Voici des détails sur le déroulement de l’affaire :

Quand Messieurs Marc Baïetto, président de La Métro et Jean-François Roverato, PDG d’Eiffage, sont dans un bateau en 2011 : les contribuables écopent illégalement pour 885 891 euros.

La Cour administrative d’appel de Lyon du 28 avril 2014 confirme le jugement du tribunal administratif de Grenoble du 21 juillet 2014 annulant délibération de La Métro du 27 mai 2011 et la signature le 9 juin 2011 par Monsieur Marc Baïetto du marché Eiffage dit « Phospore IV » avec Jean-François Roverato, PDG d’Eiffage, rejette l’appel de la société Eiffage soutenue par La Métro, et condamne la société Eiffage à prendre en charge une petite partie des frais engagés par Raymond Avrillier dans ce recours.

Raymond Avrillier avait averti personnellement, avant la décision du 27 mai 2011, Monsieur Marc Baïetto du caractère irrégulier de la décision qu’il allait proposer.

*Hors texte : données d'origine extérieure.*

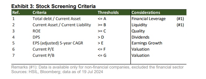 具体来看,恒指公司以包括优质性、财务杠杆、流动性、盈利增长、市盈率、市净率和股息率在内的7个条件从香港大市(以恒生综合指数为代表)中筛选满足相关参数的股票,剔除金融类个股共筛选出了36只。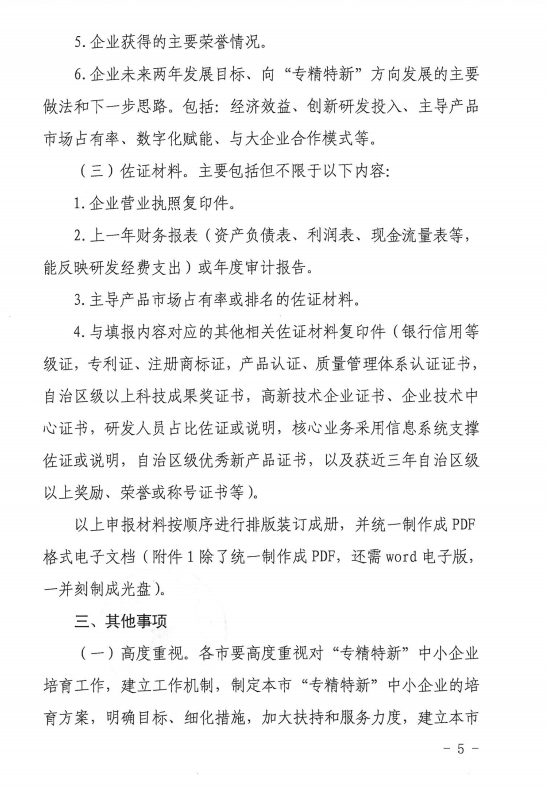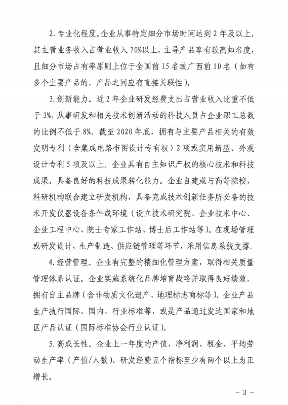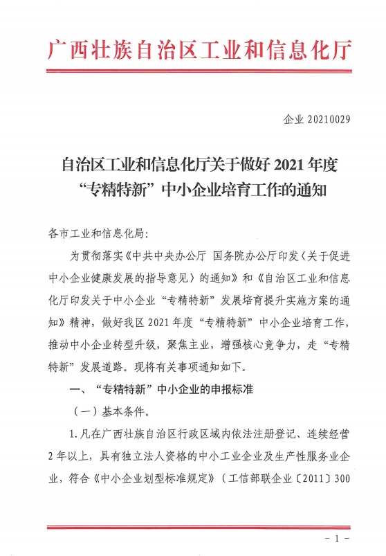 自治区工业和信息化厅关于做好2021年度“专精特新”中小企业培育工作的通知
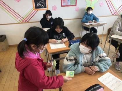 これまでたくさんお世話になった6年生に、感謝の気持ちを込めて自分たちが育てたアサガオの種とエールを贈りしました。「ありがとう」「大好きだよ」などの思いを伝えようと、大きな大きな声が6年生教室に響いていました。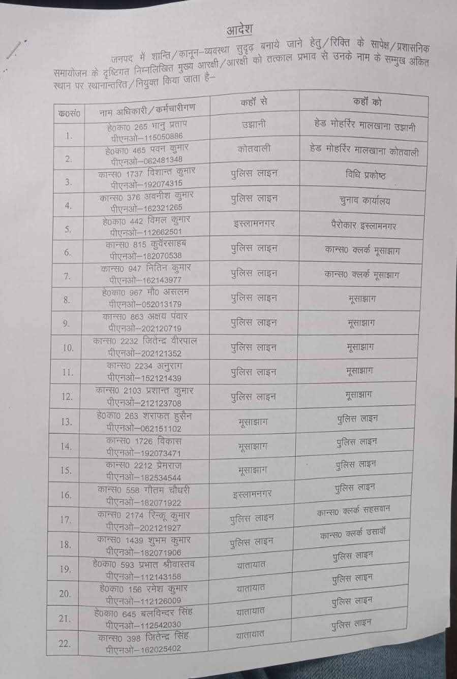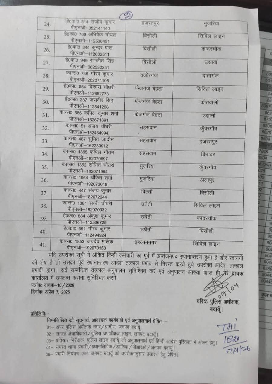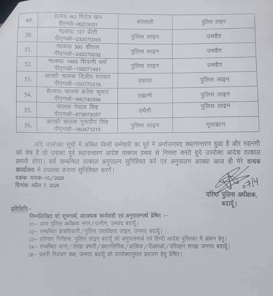 рдмрджрд╛рдпреВрдБ рдкреБрд▓рд┐рд╕ рдореЗрдВ 111 рдкреБрд▓рд┐рд╕рдХрд░реНрдорд┐рдпреЛрдВ рдХрд╛ рдмрдбрд╝рд╛ рдлреЗрд░рдмрджрд▓: рдЕрдВрдХрд┐рддрд╛ рд╢рд░реНрдорд╛ рдХрд╛ рд╕рдЦреНрдд рд╕рдВрджреЗрд╢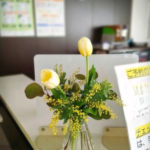 病院の生け花 春の草木・花が続々と この時期は芽吹く前の枝物を探すのが好きです👀✨ 何度か生けてるうちに芽吹いてくれたら、超嬉しい😆💓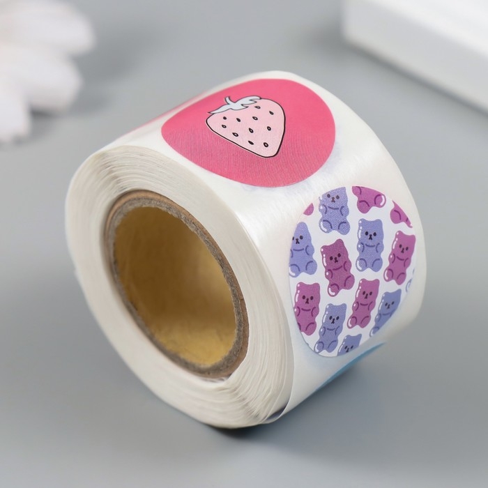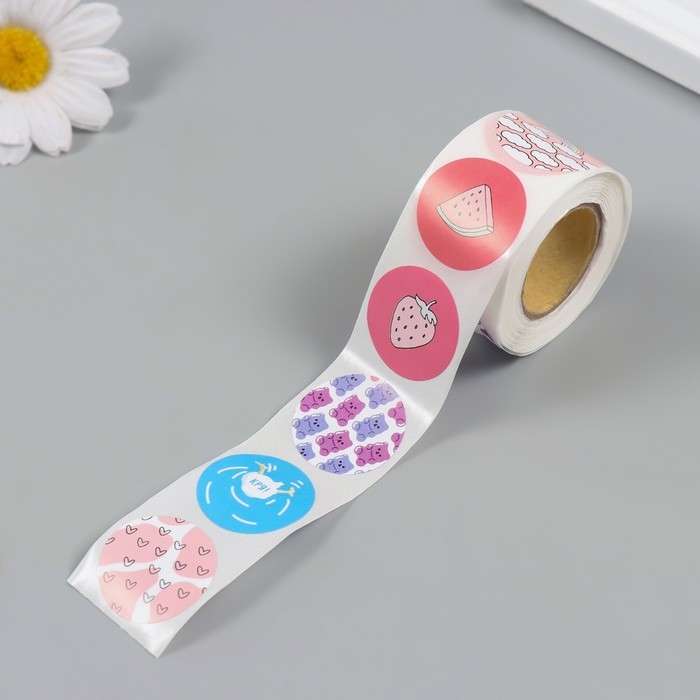 Наклейка бумага "Мимишности" d=2,5 см 252 шт в рулоне
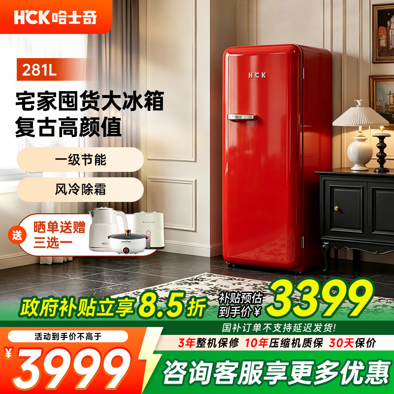 HCK哈士奇281L单门复古冰箱大吐司家用小型客厅茶叶饮料柜高颜值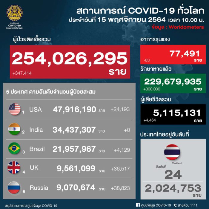 ประเทศไทยอยู่ในอันดับที่ 24 จำนวน 2,024,753 ราย

Il avait effectué un recours administratif le 1er août 2011 en demandant au président de La Métro de soumettre au conseil de Métro l’annulation de la délibération irrégulière et du marché, ce qu’il a refusé

Il avait saisi le préfet de l’Isère le 1er août 2011, complété le 2 septembre 2011 en lui demandant de déférer les décisions irrégulières devant le tribunal administratif de Grenoble, ce qu’il a refusé.

L’ensemble des mesures de prévention préalables ont donc été prises par Raymond Avrillier et ses demandes visant à la légalité des décisions et de l’usage de l’argent public ont donc été refusées par des personnes incompétentes.

C’est donc par devoir, et en défense des contribuables de La Métro, que le recours a dû être déposé devant le tribunal administratif de Grenoble le 29 septembre 2011.

Le tribunal administratif de Grenoble a mis 3 ans pour juger ce dossier.

La multinationale Eiffage a fait appel du jugement devant la cour administrative d’appel de Lyon.

La cour administrative d’appel de Lyon a mis un peu moins de 2 ans pour juger ce dossier.

La décision définitive démontrant l’illégalité des décisions de La Métro et de Monsieur Marc Baïetto est donc intervenue par le jugement du tribunal administratif de Grenoble du 21 juillet 2014 confirmé par la cour administrative d’appel de Lyon le 28 avril 2016.

L’arrangement illégal du 9 juin 2011 entre Monsieur Marc Baïetto et le PDG de la multinationale Eiffage engageant un montant d’au moins 885 891 euros au bénéfice de la multinationale Eiffage et payés par les contribuables de La Métro.

Cet arrangement illégal a été possible grâce à l’absence de contrôle de la légalité par le préfet de l’Isère dont c’est la mission, comme l’a confirmé la Cour des comptes dans son rapport public annuel 2016 (pp. 329-366), et l’absence de moyens de la justice à Grenoble, comme l’a confirmé le ministre de la Justice, le 6 avril 2016 :

« Dans un souci de vérité et de transparence, il faut reconnaître que la justice est à bout de souffle. Le ministère n’a plus les moyens de payer ses factures […] la justice était au bord de l’embolie. Depuis que je pousse la porte des juridictions, je dis plutôt qu’elle est sinistrée… En état d’urgence absolue, comme disent les médecins […]

Les juridictions ont déjà fait baisser toutes leurs dépenses, de nettoyage et d’entretien, par exemple… Elles n’ont même plus de ressources disponibles. […]

La machine judiciaire risque de s’arrêter… ?

Le risque existe qu’elle se grippe. […] »

Comme l’a déclaré lors de l’audience le rapporteur public devant la cour administrative d’appel de Lyon : « C’était sans compter sur la vigilance de Monsieur Avrillier ».